Beberapa tentara mengindikasikan bahwa setelah 10 bulan bertempur di Gaza, mereka tidak lagi dapat kembali namun bersedia untuk melakukan tugas-tugas lain. Laporan serupa mengenai kesulitan-kesulitan muncul dari batalion-batalion tambahan di brigade-brigade lain yang bertempur di sektor ini. Keluarga dari beberapa tentara telah mengindikasikan bahwa putra-putra mereka dipaksa untuk melakukan manuver darat di Gaza atau menghadapi hukuman penjara, yang menurut mereka tidak dapat diterima.

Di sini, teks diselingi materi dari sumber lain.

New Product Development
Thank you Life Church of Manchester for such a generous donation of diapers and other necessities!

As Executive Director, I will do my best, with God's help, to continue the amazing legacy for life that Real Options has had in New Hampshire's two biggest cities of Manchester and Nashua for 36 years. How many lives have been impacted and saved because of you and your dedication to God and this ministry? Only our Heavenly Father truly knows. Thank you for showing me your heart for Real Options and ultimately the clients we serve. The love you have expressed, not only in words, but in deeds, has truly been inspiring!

Brigade Al Qassam, sayap militer kelompok perlawanan Palestina Hamas, secara teratur melaporkan bahwa tentara Israel terbunuh atau terluka dalam operasi-operasi penting di Gaza. Para pejabat Israel telah berulang kali menyatakan bahwa tentara mereka terlibat dalam pertempuran sengit dengan para pejuang Palestina di sektor ini dan harus membayar mahal. Menurut update terbaru dari situs web tentara Israel pada hari Rabu, jumlah korban Israel sejak dimulainya perang di Gaza pada 7 Oktober tahun lalu telah mencapai 704 perwira dan tentara, termasuk 339 orang sejak dimulainya invasi darat Israel pada 27 di bulan yang sama.

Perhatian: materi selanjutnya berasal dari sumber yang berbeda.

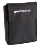
Protective Pouch (Model Number: 200128)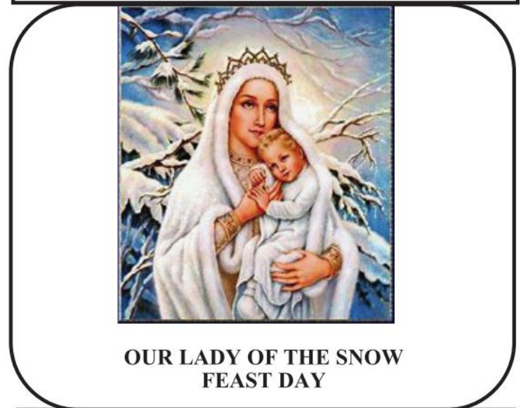
OUR LADY OF THE SNOW FEAST DAY

Live Music, Morra, Bocce Tournaments & Authentic Italian Food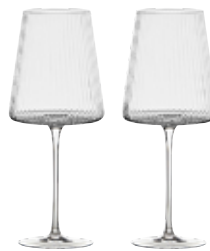
Wine Glasses Clear - Set of 2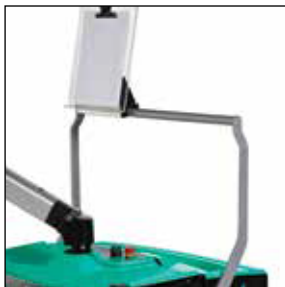
Optional accessory bar

Jumlah total perwira dan tentara yang terluka sejak perang dimulai mencapai 4.398 orang, dengan 2.262 orang di antaranya mengalami luka-luka sejak dimulainya invasi darat. Wajib militer adalah wajib bagi sebagian besar warga Yahudi Israel, yang dipandang sebagai sebuah ritus peralihan. Dalam masyarakat yang sangat termiliterisasi di negara ini, mereka yang disebut refusenik berisiko dicap sebagai pengkhianat.

Secara umum, para refusenik bisa jadi akan menjalani hukuman penjara berulang kali, diperintahkan untuk kembali ke pusat-pusat perekrutan lagi dan lagi. Beberapa di antaranya akhirnya mendekam di balik jeruji besi selama berbulan-bulan sebelum akhirnya dipulangkan. Militer Israel memang memiliki komite penolak, tetapi pengecualian biasanya hanya diberikan atas dasar agama – Yahudi Haredi ultra-Ortodoks, misalnya, dikecualikan secara hukum.

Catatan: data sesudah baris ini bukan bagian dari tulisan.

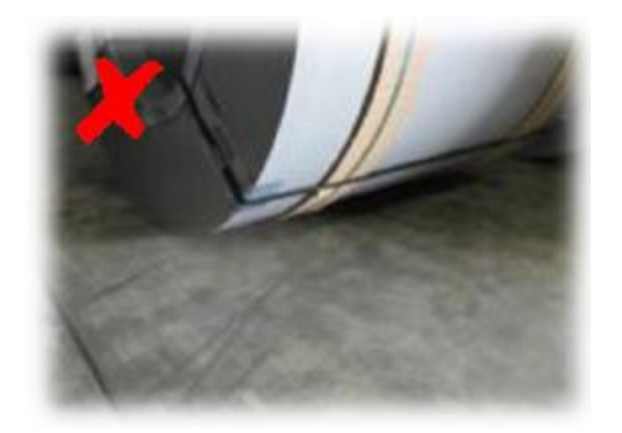
Figure 1: Optimum storage of coils on the warehouse floor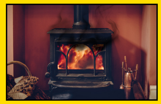
Even efficient wood burning stoves are harmful to your health, your children and members of your local community.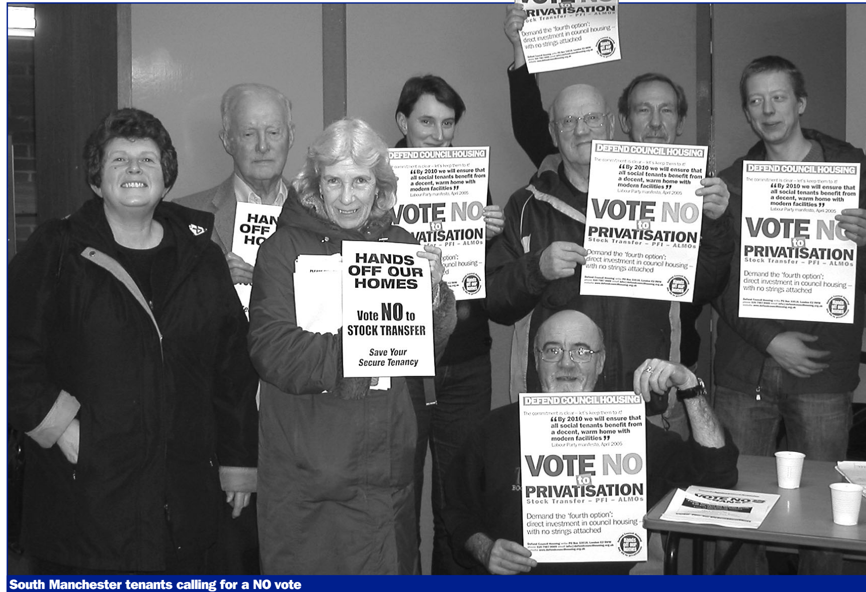
South Manchester tenants calling for a NO vote

ference has taken on the issue of social housing in 2004 and 2005... We believe that bringing all social housing up to decent standards is central to Labour's Sustainable Communities agenda... In particular the group is exploring ways of creating a level playing field in the funding for social housing, between those with ALMOs or Housing Associations, and those without... we await its conclusions early next year”

Menolak untuk bertugas karena alasan prinsip politik tidak dianggap sebagai keberatan yang sah. Awal tahun ini, Amnesty International merilis laporan tentang Yuval Dag, seorang pemuda berusia 20 tahun yang telah menyatakan dengan jelas keberatan politiknya sebelum pemanggilannya. Tentara mengklasifikasikan penolakannya sebagai pembangkangan dan menjatuhkan hukuman 20 hari di penjara militer Neve Tzedek di Tel Aviv.

Kelompok hak asasi manusia tersebut menyebutkan empat orang lainnya – Einat Gerlitz, Nave Shabtay Levin, Evyatar Moshe Rubin, dan Shahar Schwartz – yang berulang kali ditahan pada 2022. Para penentang yang memiliki hati nurani biasanya dihukum lima bulan atau lebih di penjara – harga yang harus dibayar mahal untuk anak muda yang melakukan apa yang mereka yakini benar. Banyak penolak yang mengambil keputusan setelah berpartisipasi dalam gerakan protes, baik mengenai hak-hak LGBTQ, perubahan iklim atau pendudukan Israel, kekerasan dan diskriminasi terhadap warga Palestina – sebuah sistem yang oleh banyak kelompok hak asasi manusia disamakan dengan apartheid.

Ya. Pada awal Maret, sekitar 700 tentara cadangan – termasuk beberapa perwira tinggi – mengundurkan diri secara massal selama protes yang meluas atas perombakan peradilan yang dilakukan Perdana Menteri Benjamin Netanyahu. Para kritikus menuduhnya membatasi kekuasaan Mahkamah Agung untuk melindungi dirinya sendiri dari tuduhan korupsi. Menjelaskan penolakannya untuk bertugas di militer, Dag mengatakan bahwa para prajurit cadangan telah mengundurkan diri karena mereka takut hidup di bawah kediktatoran. Namun, dia menunjukkan, “Kita perlu ingat bahwa di wilayah pendudukan tidak pernah ada demokrasi.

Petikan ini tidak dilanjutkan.